* What to do:
From the records below, transcribe exactly the lines that begin at the line with "在进行现场衣服试穿、羽绒材质" and end at the line with "Se spoustou vychytaných", both included.

* Given records:
━━━━━━━━

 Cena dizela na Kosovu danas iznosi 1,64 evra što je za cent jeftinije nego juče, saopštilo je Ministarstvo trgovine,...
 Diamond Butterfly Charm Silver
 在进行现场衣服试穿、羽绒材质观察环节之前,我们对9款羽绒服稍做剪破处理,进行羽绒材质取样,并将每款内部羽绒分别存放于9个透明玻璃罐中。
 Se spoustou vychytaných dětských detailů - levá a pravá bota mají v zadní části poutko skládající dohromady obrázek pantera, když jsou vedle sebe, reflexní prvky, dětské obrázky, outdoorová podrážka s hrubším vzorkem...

━━━━━━━━

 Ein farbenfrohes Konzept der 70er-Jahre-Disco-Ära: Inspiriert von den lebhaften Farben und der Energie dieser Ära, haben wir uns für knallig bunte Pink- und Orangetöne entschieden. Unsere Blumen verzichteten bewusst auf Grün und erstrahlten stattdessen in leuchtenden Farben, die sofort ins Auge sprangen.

━━━━━━━━

* Reply to the task:
 在进行现场衣服试穿、羽绒材质观察环节之前,我们对9款羽绒服稍做剪破处理,进行羽绒材质取样,并将每款内部羽绒分别存放于9个透明玻璃罐中。
 Se spoustou vychytaných dětských detailů - levá a pravá bota mají v zadní části poutko skládající dohromady obrázek pantera, když jsou vedle sebe, reflexní prvky, dětské obrázky, outdoorová podrážka s hrubším vzorkem...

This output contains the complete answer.